Welp. Saskatchewan essential services legislation deemed unconstitutional (07 Feb. 2012).

Recalibration: On January 19, 2010, Raitt moved from the Ministry of Natural Resources to the Labour Ministry.

The house was beginning to shake,
And good press it just did not make.
So Steve shut it down, Caused the country to frown. But then he was
saved by a quake.
 

Nuclear workers: 900 scientists, engineers, technologists and technicians said 94+ per cent of members sanctioned the strike action on Thursday, May 3rd 2012: a stinging indictment of SNC-Lavalin's cavalier management style and brinkmanship bargaining. A union spokeswoman said Candu is looking to gut most parts of the collective agreement.

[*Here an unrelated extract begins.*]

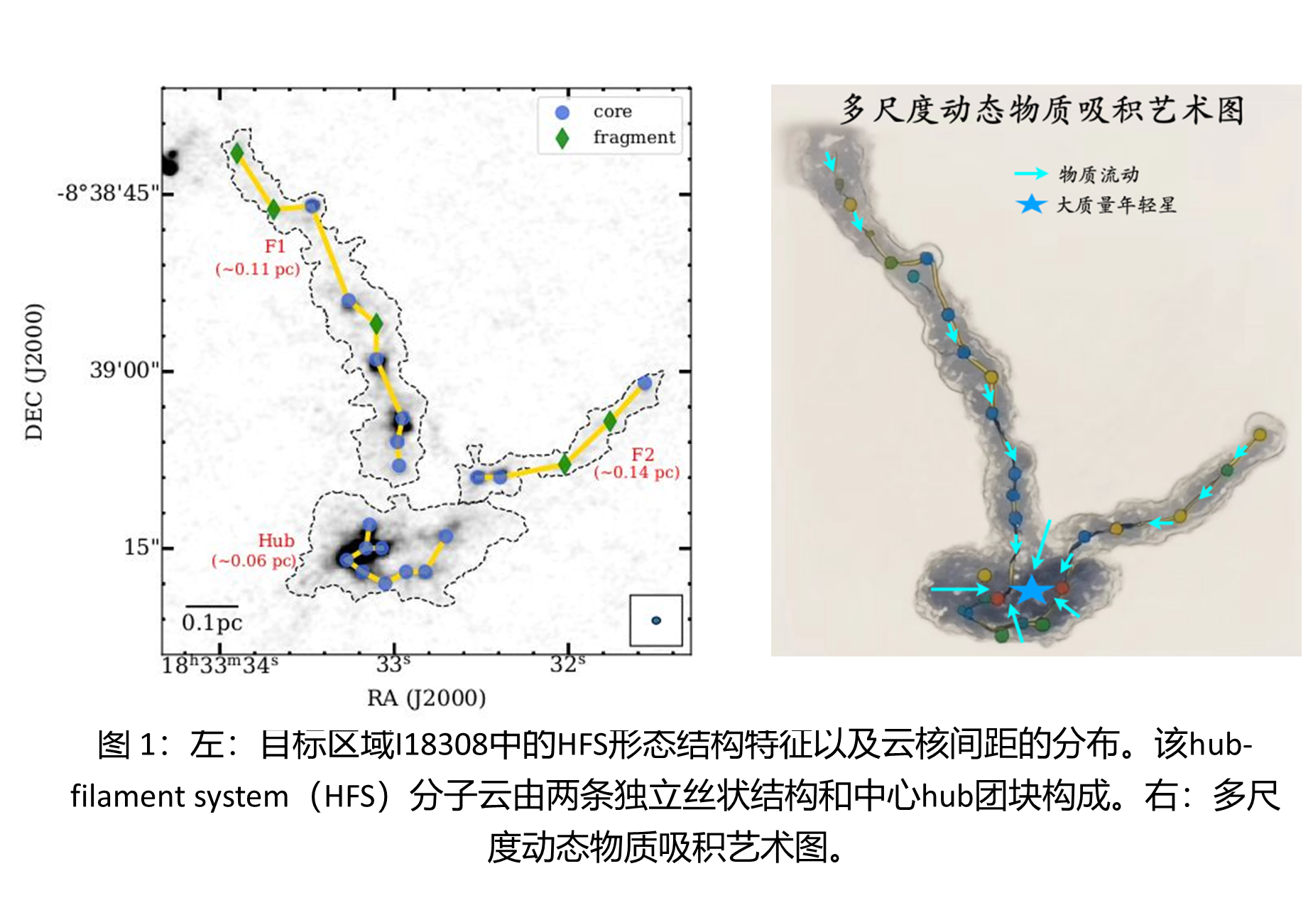 研究人员在整个HFS云中未探测到30倍太阳质量以上的星前核,并发现云核的质量和密度随演化阶段显著系统性增加趋势。这为“多尺度动态物质吸积”的大质量恒星形成图景提供了又一新的观测证据。研究团队认为,I18308目标区域中具有清晰的HFS形态为该图景提供了天然条件——hub处的低质量星前核通过金斯碎裂形成,然后经由引力坍缩过程形成中低质量原恒星,随后通过涉及丝状结构、团块和云核等多尺度物质吸积方式“成长”为最终的大质量恒星(图1右)。

Ongoing: RCMP officers want to end a ban, in place since 1918, on Mounties forming a union or police association and having the right to collectively bargain. (Toronto Star, Nov 20, 2012.) "Toxic workplace": Mounted Police Professional Association of Canada (MPPAC), a merger of BC and ON associations, is expecting a ruling from the Ontario Court of Appeal in spring 2012.

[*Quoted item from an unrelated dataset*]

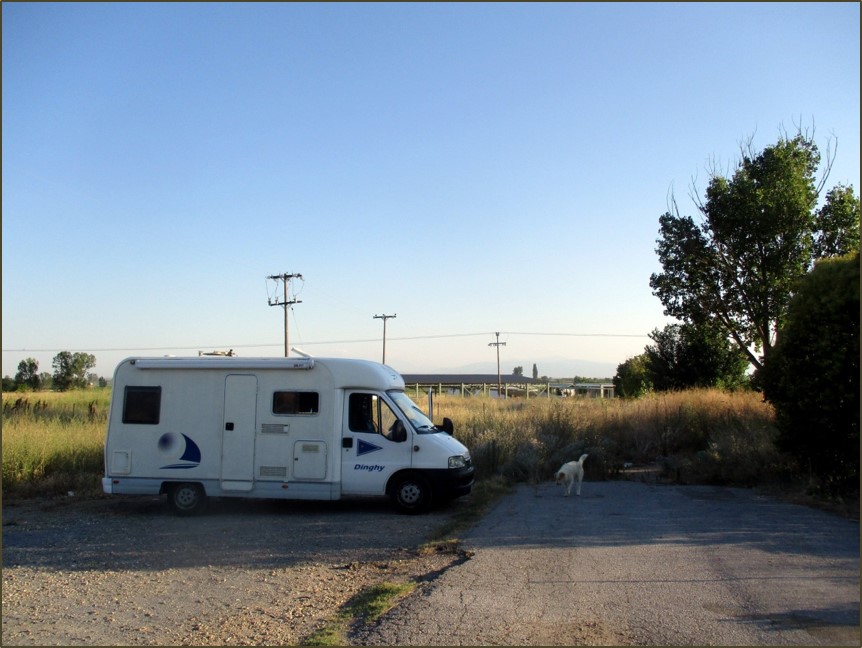 Al di là degli indiscutibili meriti sia dell’area archeologica sia (soprattutto) del Museo, Pella non è un luogo accogliente per i camperisti. Unica fontana nella “piazza” del paese, unico parcheggio lo sterrato davanti all’ingresso degli scavi. Ma il sito vale il viaggio, e anche la lotta con le zanzare durante il pernottamento.

Lay-offs: Canadian Space Agency. 100 staff and more to come? Speaking of SNC-Lavalin Defence Programs Inc. (AECL) and MacDonald Dettwiler and Associates Inc., there's now a signed contract "to extend operational services for up to eight years for the Canadian Department of National Defence’s twelve Kingston-class Maritime Coastal Defence Vessels...Although their primary mission is coastal surveillance, the vessels perform a wide variety of operational tasks including search and rescue, fisheries and environmental monitoring, disaster relief, mine countermeasures and scientific research."

Does this make sense? The entire program of lay-offs in the public service is expected to cost Canadian taxpayers more than $2 billion.

Weird: Health care workers in Alberta have not had the legal right to strike since 1983.